Ana, la narratrice, a 10 ans. Son frère adoré, Diego, en a 9. La Chose, dès le début du livre, s'en prend au frère. Comment exactement ? Ce n'est pas clair. Un peu comme une possession, un sortilège. Ce qui n'a rien à voir avec une "simple" personnalité qui cherche à prendre le dessus. On est là dans le domaine du fantastique.
"[...] une fois qu'elle m'aurait enfermée dans le cachot où je la tenais jusqu'alors, mon existence serait réduite à celle d'une amibe. Quand cela se produirait, je deviendrais son côté obscur, sa honte, son parent pauvre. Les rôles s'inverseraient sous la consigne tonitruante du
« rira bien qui rira le dernier », et Dieu sait si La Chose a un rire terrifiant, désarticulé comme celui d'un roi devenu fou.

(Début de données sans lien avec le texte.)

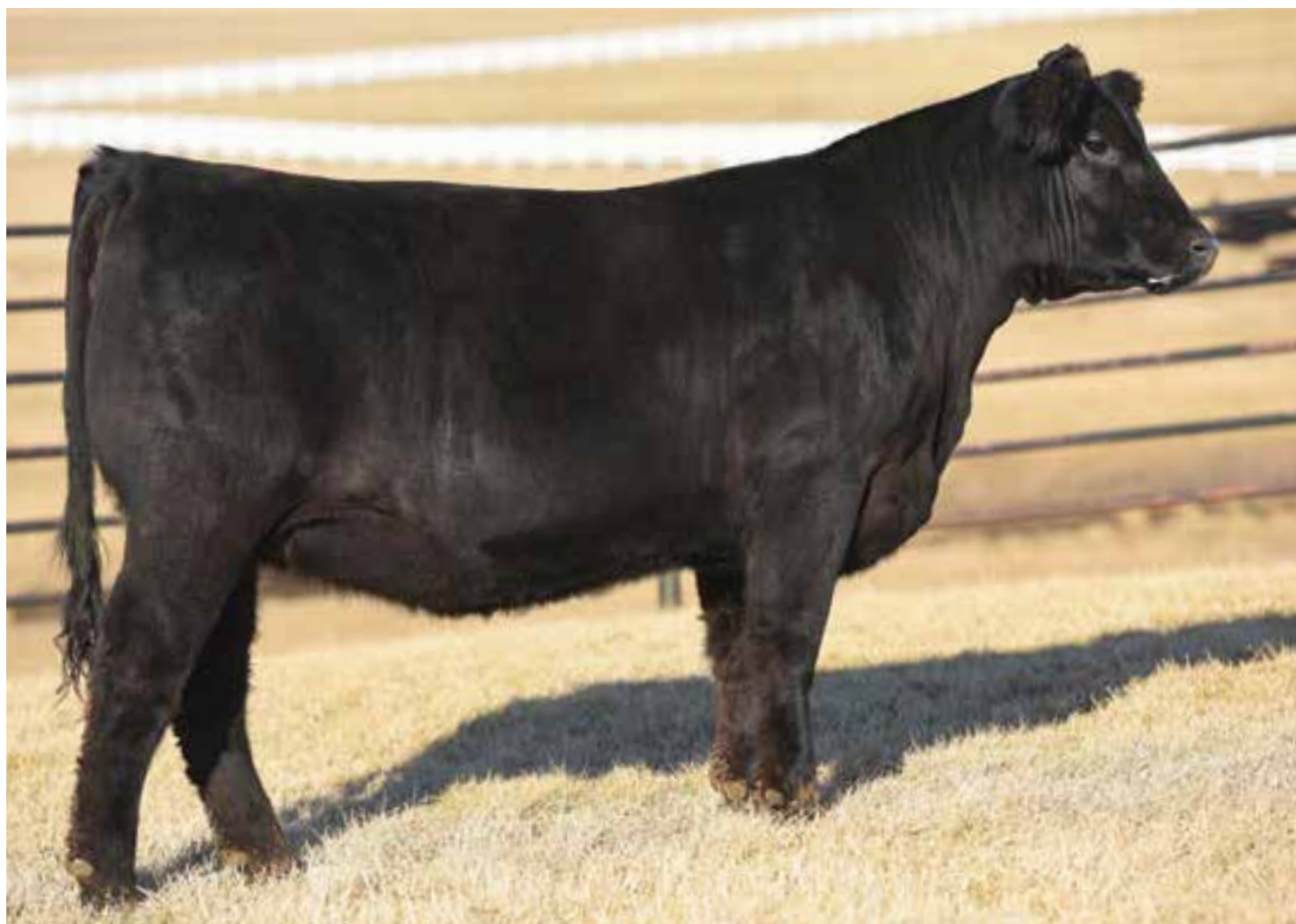
LOT 64 | AUTO MADELINE 447D ET
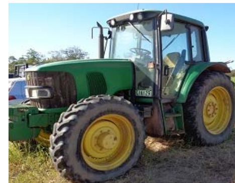
Item: 2950 - John Deere 6320
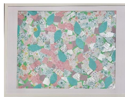
CLASS B5-2T (TWO-DAY TODDLERS)
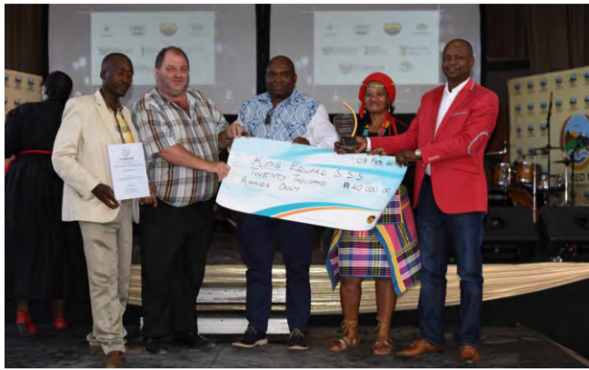
Above: King Edward High receiving cheque and trophies at the Matric Awards

Pendant les nuits de mon enfance, crispée sous les draps, j'appris à le détecter, et je l'entends encore aujourd'hui, bien qu'il ne puisse plus me toucher en aucune façon. L'autre fin, la mort orthodoxe, ne serait rien d'autre qu'une libération." (page 28).

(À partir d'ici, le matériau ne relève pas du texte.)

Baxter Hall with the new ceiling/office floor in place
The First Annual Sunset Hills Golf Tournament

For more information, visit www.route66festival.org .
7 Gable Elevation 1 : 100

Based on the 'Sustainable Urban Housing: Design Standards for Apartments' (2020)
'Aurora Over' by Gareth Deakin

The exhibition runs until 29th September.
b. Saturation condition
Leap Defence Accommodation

Oui, il est bien écrit "bien qu'il ne puisse plus me toucher en aucune façon." Eh bien, je n'ai pas compris pourquoi. Là encore, au vu de la fin, ce n'est pas clair.
Ce qui est clair, par contre, c'est que l'auteure s'est bien rendu compte qu'elle ne pourrait pas tenir tout un roman sur la guerre entre Ana et La Chose. Dès la page 70, sous couvert de nous parler de cette lutte, des préparatifs, l'histoire dévie.

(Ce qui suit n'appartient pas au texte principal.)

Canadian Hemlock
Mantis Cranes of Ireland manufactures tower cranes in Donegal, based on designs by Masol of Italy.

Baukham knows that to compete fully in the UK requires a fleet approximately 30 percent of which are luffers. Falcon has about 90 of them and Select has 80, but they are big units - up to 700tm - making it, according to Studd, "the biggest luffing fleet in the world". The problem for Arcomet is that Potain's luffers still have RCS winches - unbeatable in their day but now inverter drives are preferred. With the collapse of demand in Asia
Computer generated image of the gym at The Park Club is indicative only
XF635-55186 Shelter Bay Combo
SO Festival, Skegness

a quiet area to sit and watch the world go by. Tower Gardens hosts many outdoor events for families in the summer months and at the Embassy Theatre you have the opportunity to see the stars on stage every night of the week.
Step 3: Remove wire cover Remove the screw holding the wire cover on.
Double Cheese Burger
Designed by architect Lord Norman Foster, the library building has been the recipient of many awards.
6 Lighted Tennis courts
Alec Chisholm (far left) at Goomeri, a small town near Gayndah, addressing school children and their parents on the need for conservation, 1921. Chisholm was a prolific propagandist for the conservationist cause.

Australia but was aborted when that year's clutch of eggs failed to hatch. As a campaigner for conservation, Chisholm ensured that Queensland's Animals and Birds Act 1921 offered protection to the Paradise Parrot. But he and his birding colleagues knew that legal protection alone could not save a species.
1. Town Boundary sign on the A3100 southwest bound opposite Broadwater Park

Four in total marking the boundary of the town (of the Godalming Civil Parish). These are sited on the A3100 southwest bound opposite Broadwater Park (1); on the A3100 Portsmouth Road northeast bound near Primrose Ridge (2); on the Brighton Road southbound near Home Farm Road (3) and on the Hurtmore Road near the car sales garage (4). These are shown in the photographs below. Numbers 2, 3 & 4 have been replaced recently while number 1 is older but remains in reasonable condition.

La Chose semble craindre la lumière ? Il faut donc qu'Ana en sache plus sur les aveugles (on avait bien dit que l'histoire n'était pas claire). Et exit La Chose, pour longtemps. Oh, elle est toujours là, en fond, Guadalupe Nettel nous le rappelle de temps à autres. Mais concrètement, que fait-elle, cette Chose, passé le début du roman ? Rien.
Le livre pourrait aussi bien parler d'autre chose (et c'est peut-être de cela qu'il parle) : l'acceptation de son "vrai moi"(si cela a une signification), même si, pour cela, il faut quitter la société telle qu'elle existe (il faut avoir lu le livre pour comprendre, ou bien avoir parcouru la quatrième de couverture, bien bavarde, comme d'habitude).
Le livre commence par "Un grand merci à mon amie Svetlana Doubin pour sa fine relecture".
Soit. Alors, je m'interroge. Page 87, Ana sort de l'institut où elle travaille. On lit : "Lorsque enfin j'arrivais devant ma voiture [...] Je sortis la clé de mon sac".
Stupeur du lecteur. Jusque là, elle y allait à pied, vu que c'est près de chez elle. Page 184, on lit d'ailleurs : "J'arguai que je n'avais pas le permis [...]".
Qu'est-ce à dire ?
Que le livre, qui paraît simple (mais pas clair) est en fait une brillante alternance de personnalités, sans que le lecteur (enfin, moi) ne s'en aperçoive ?
Mais non... La Chose n'aurait pas pu s'acheter une voiture sans que notre héroïne ne le sache, quand même ?
Et, encore une fois, au vu de la fin, que je ne peux pas rapporter ici, pourquoi l'auteur écrit, au début, "bien qu'il ne puisse plus me toucher en aucune façon" ?
Je n'ai pas compris. J'espère tout de même qu'il y avait vraiment quelque chose à comprendre, et qu'il ne sagit pas juste d'une histoire, certes bien racontée, mais bancale.